● **WORK ORDER**
So that nothing is lost, write out all the lines below exactly.

Records drawn from a dataset
************

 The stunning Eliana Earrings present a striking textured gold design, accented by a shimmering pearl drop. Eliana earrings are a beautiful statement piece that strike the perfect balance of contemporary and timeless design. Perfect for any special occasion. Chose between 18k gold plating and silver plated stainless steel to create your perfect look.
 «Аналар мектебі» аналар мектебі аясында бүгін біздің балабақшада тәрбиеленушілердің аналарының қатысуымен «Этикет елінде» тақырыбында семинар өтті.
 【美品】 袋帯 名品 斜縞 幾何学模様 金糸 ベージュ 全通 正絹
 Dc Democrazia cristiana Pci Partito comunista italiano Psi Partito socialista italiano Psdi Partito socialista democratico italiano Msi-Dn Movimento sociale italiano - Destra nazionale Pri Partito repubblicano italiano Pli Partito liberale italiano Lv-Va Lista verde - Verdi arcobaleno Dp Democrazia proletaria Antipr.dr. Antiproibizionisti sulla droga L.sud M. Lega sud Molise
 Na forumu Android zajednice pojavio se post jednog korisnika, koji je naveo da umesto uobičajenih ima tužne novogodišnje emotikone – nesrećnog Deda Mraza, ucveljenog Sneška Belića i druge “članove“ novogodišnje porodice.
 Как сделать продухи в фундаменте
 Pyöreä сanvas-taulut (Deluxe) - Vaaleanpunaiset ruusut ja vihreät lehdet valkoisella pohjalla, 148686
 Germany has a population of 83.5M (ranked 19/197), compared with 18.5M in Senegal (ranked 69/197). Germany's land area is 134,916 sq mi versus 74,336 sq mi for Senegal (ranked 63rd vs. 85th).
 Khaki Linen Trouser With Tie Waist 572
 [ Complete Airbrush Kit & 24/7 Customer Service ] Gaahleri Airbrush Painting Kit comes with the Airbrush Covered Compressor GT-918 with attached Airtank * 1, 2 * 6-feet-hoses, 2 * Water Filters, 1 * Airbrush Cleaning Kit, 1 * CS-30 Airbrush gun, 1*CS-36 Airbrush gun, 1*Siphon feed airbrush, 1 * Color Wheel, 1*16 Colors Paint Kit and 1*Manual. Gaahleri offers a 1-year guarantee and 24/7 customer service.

************

● **EXERCISE ANSWER**
 The stunning Eliana Earrings present a striking textured gold design, accented by a shimmering pearl drop. Eliana earrings are a beautiful statement piece that strike the perfect balance of contemporary and timeless design. Perfect for any special occasion. Chose between 18k gold plating and silver plated stainless steel to create your perfect look.
 «Аналар мектебі» аналар мектебі аясында бүгін біздің балабақшада тәрбиеленушілердің аналарының қатысуымен «Этикет елінде» тақырыбында семинар өтті.
 【美品】 袋帯 名品 斜縞 幾何学模様 金糸 ベージュ 全通 正絹
 Dc Democrazia cristiana Pci Partito comunista italiano Psi Partito socialista italiano Psdi Partito socialista democratico italiano Msi-Dn Movimento sociale italiano - Destra nazionale Pri Partito repubblicano italiano Pli Partito liberale italiano Lv-Va Lista verde - Verdi arcobaleno Dp Democrazia proletaria Antipr.dr. Antiproibizionisti sulla droga L.sud M. Lega sud Molise
 Na forumu Android zajednice pojavio se post jednog korisnika, koji je naveo da umesto uobičajenih ima tužne novogodišnje emotikone – nesrećnog Deda Mraza, ucveljenog Sneška Belića i druge “članove“ novogodišnje porodice.
 Как сделать продухи в фундаменте
 Pyöreä сanvas-taulut (Deluxe) - Vaaleanpunaiset ruusut ja vihreät lehdet valkoisella pohjalla, 148686
 Germany has a population of 83.5M (ranked 19/197), compared with 18.5M in Senegal (ranked 69/197). Germany's land area is 134,916 sq mi versus 74,336 sq mi for Senegal (ranked 63rd vs. 85th).
 Khaki Linen Trouser With Tie Waist 572
 [ Complete Airbrush Kit & 24/7 Customer Service ] Gaahleri Airbrush Painting Kit comes with the Airbrush Covered Compressor GT-918 with attached Airtank * 1, 2 * 6-feet-hoses, 2 * Water Filters, 1 * Airbrush Cleaning Kit, 1 * CS-30 Airbrush gun, 1*CS-36 Airbrush gun, 1*Siphon feed airbrush, 1 * Color Wheel, 1*16 Colors Paint Kit and 1*Manual. Gaahleri offers a 1-year guarantee and 24/7 customer service.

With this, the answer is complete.